**Task objective**:
Without the pictures, give the entries below again exactly as written.

━━━ Exercise data

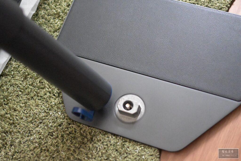 まず、モニターの支柱を土台にセットしネジを締め、あとはモニターを取り付けたら完成です。
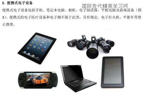 便攜式電子設備包括手機、筆記本電腦、相機、電子閱讀器、平板電腦及游戲設備(圖3)。便攜式的電子醫(yī)療設備和電子煙不屬于此類,另有規(guī)定。電子打火機、平衡車等禁止攜帶。
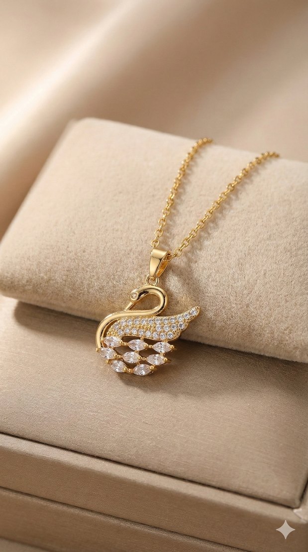 Altın renkli, kısa zincirli ve parlak taşlarla süslenmiş kuğu figürlü kolye. Modern klasik tarzda, günlük şıklık için ideal.
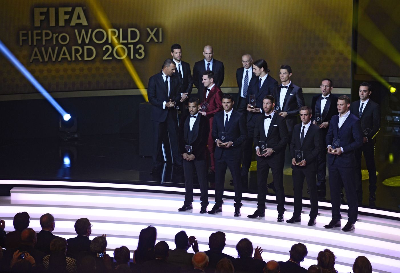 Началась церемония с "собирания" символической команды 2013 года по версии Международного профсоюза футболистов (FIFPro). Эта сборная была сформирована по итогам голосования 50 тысяч профессиональных футболистов. В нее вошли: вратарь – Мануэль Нойер (Германия, "Бавария"), защитники – Филипп Лам (Германия, "Бавария), Серхио Рамос (Испания, "Реал"), Тиагу Силва (Бразилия, "ПСЖ"), Даниэл Алвес (Бразилия, "Барселона"), полузащитники – Андрес Иньеста, Хави (оба – Испания, "Барселона"), Франк Рибери (Франция, "Бавария"), нападающие – Криштиану Роналду (Португалия, "Реал"), Златан Ибрагимович (Швеция, "ПСЖ"), Лионель Месси (Аргентина, "Барселона").
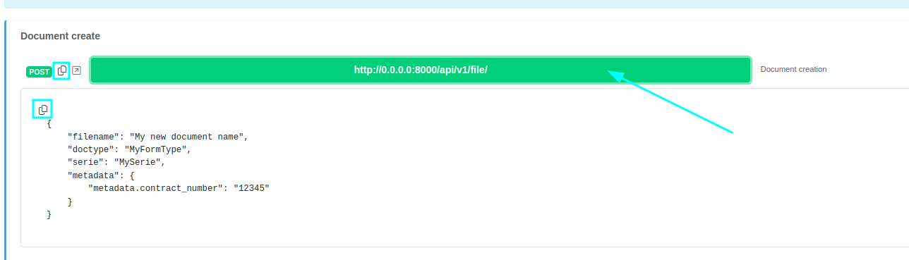 We can copy the URL to use it, or if we click on the box of any of the endpoints, it will show us a sample request that we can also copy by clicking on the clipboard icon.

━━━━━━

**Answer**:
 まず、モニターの支柱を土台にセットしネジを締め、あとはモニターを取り付けたら完成です。
 便攜式電子設備包括手機、筆記本電腦、相機、電子閱讀器、平板電腦及游戲設備(圖3)。便攜式的電子醫(yī)療設備和電子煙不屬于此類,另有規(guī)定。電子打火機、平衡車等禁止攜帶。
 Altın renkli, kısa zincirli ve parlak taşlarla süslenmiş kuğu figürlü kolye. Modern klasik tarzda, günlük şıklık için ideal.
 Началась церемония с "собирания" символической команды 2013 года по версии Международного профсоюза футболистов (FIFPro). Эта сборная была сформирована по итогам голосования 50 тысяч профессиональных футболистов. В нее вошли: вратарь – Мануэль Нойер (Германия, "Бавария"), защитники – Филипп Лам (Германия, "Бавария), Серхио Рамос (Испания, "Реал"), Тиагу Силва (Бразилия, "ПСЖ"), Даниэл Алвес (Бразилия, "Барселона"), полузащитники – Андрес Иньеста, Хави (оба – Испания, "Барселона"), Франк Рибери (Франция, "Бавария"), нападающие – Криштиану Роналду (Португалия, "Реал"), Златан Ибрагимович (Швеция, "ПСЖ"), Лионель Месси (Аргентина, "Барселона").
 We can copy the URL to use it, or if we click on the box of any of the endpoints, it will show us a sample request that we can also copy by clicking on the clipboard icon.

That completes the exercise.